There was a noise in the apartment. She froze. The clunk had been faint enough to be unidentifiable but not a random settling noise. Someone was out there.
Seconds ticked by in silence. Marley worked the metal cover out of the frame and slithered forward again until she leaned out the hole. Dammit. The drop was too far to set the vent cover on the washer and dryer without making a racket.
Cursing, she wiggled backward as far as she could, carefully turned the cover around, and pulled it inside a couple of inches, not letting it touch the metal duct. Wiggle back, pull the cover, reposition her grip. Too long later, she laid it down and belly-crawled on top of it. Panting and cursing the metal edges digging into her elbows and knees, she pushed forward until she hung halfway out the opening.
Another noise outside the laundry room—this time a whistle approaching the kitchen. Marley froze with her hands curled over the top of the washing machine. The edge of the vent opening cut into her lower abdomen, and she grunted with the tearing burn in her stitched-up side. The whistler entered the kitchen outside the room. A cupboard banged. The refrigerator door opened. After a few clatters, the whistling stopped. Then, mercifully, music blared. The Silent Comedy would cover any sound she made.
She pressed up on her toes and pulled her lower body the rest of the way out of the vent, lifting her legs up into a handstand. Her arms shook. She tightened her core and curved her legs over until gravity kicked in. Then she finished the flip and landed in a crouch on the cold linoleum tile.

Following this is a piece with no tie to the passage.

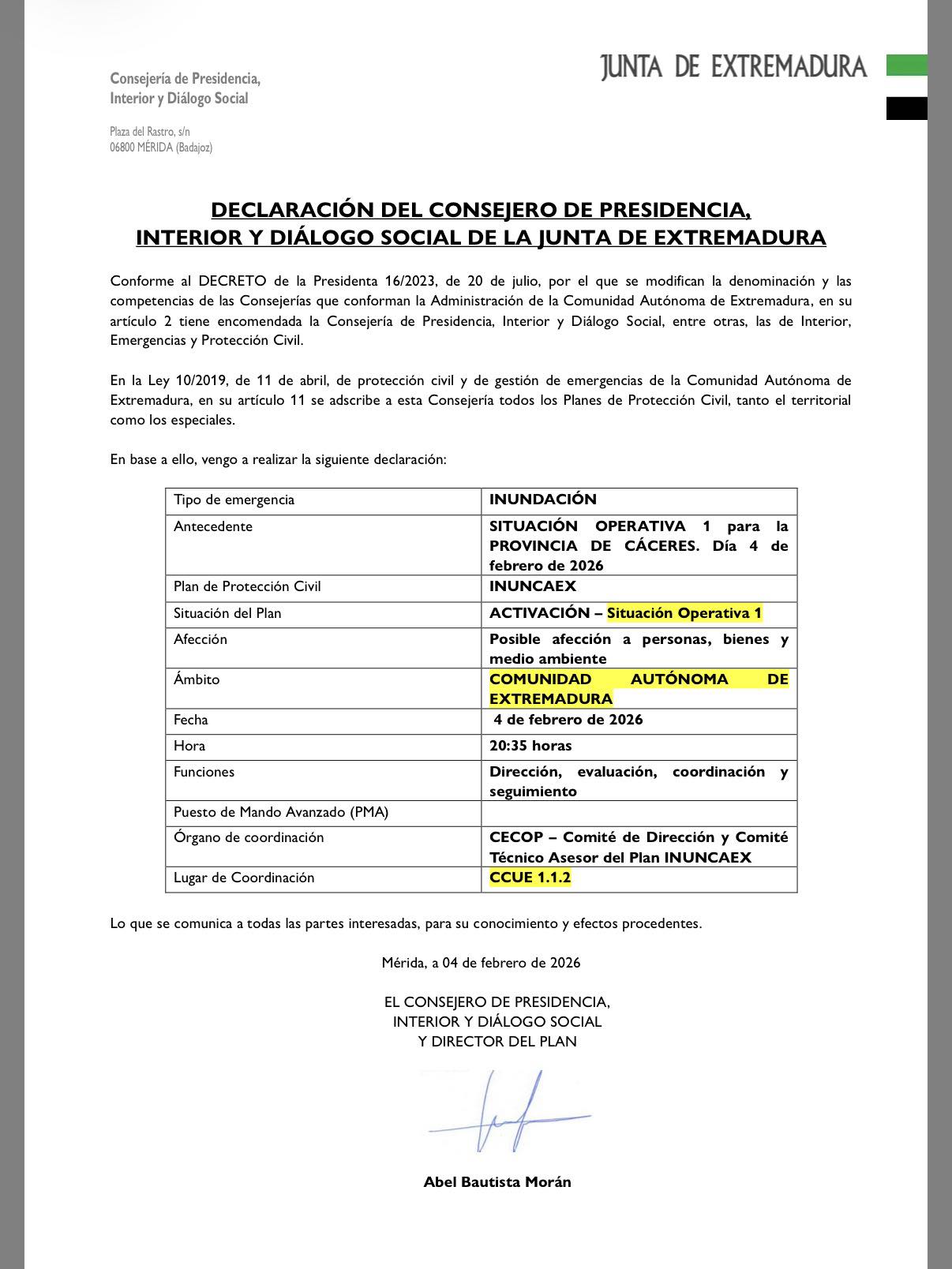 Atendiendo a las previsiones meteorológicas y parámetros hidrológicos, la Dirección del Plan INUNCAEX declara la SITUACIÓN OPERATIVA 1 para toda la Comunidad Autónoma de Extremadura dado que las previsiones siguen en aumento.

Her breath rasped in and out. The muscles in her shoulders, thighs, and abs all burned. This had been the biggest test of her muscular control so far. Much harder to move her body like that than to hold still or line up a shot, but
she was in.
“What’s that noise?” Gage asked over her comm.
She chose to believe he wasn’t talking about her ragged breathing. “Music,” she murmured. “I’m in the laundry room.”

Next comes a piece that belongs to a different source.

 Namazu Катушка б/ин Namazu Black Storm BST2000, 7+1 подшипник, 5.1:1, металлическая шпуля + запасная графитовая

“Good. Anson’s on his way up.”
She stood and turned to face the machines, hoping Gage was right about the two-way mirror into the living room. Yes. It was still there.
Mini-blinds bled a tiny amount of light into the laundry room. Marley slowly hitched herself up onto the dryer, flinching when the metal flexed and gonged under her weight. But the music was still loud enough to mask it.

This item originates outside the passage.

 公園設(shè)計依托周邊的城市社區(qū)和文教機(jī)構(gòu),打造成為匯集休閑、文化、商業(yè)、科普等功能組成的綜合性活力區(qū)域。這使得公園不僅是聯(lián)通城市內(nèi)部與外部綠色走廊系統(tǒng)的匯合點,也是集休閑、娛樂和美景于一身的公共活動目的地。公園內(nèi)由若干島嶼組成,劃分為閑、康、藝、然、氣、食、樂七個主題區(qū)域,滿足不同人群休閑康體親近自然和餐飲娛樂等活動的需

“Tony!” the guy in the kitchen yelled. “Get the door!” He banged something on the counter and turned the music down. “They’re late,” he added with a note of disgust before grumbling low enough that Marley only caught a few words. “Common decency…food…cold…a schedule is a schedule!”
She took a long breath and let herself settle. They’d made it.
She got onto her knees to feel for a way to open the blinds. Her fingers brushed slick metal and sharp edges, then found a rod on the right side of the window. She rotated the blinds just in time to see a guy she assumed was Tony lead two younger men into the living room. Anson trailed behind.
Brad came into the room from Marley’s left, carrying a six-pack of green-bottled beer. He handed them out and said something to the new arrivals that Marley couldn’t make out. Sound did penetrate somewhere, though. She squinted and made out a type of speaker below the window. She examined it with her hand and realized it was just an opening through the wall, with a tiny slide handle. She pushed it open until the voices came through clearly. Not that they talked about anything interesting. A car chase in some movie they’d just seen was her best guess.
New energy surged into her awareness. Three fluxheads had just entered the apartment, adding to the two already there. Marley’s hands closed into fists as she watched them move about the living room, exchanging wrist clasps and back slaps. It would be so easy to run in there and sweep the room, take that energy from all of them. Craving gnawed at her. She’d touch them, one at a time, and the power they didn’t deserve to have would go inert and sink into her.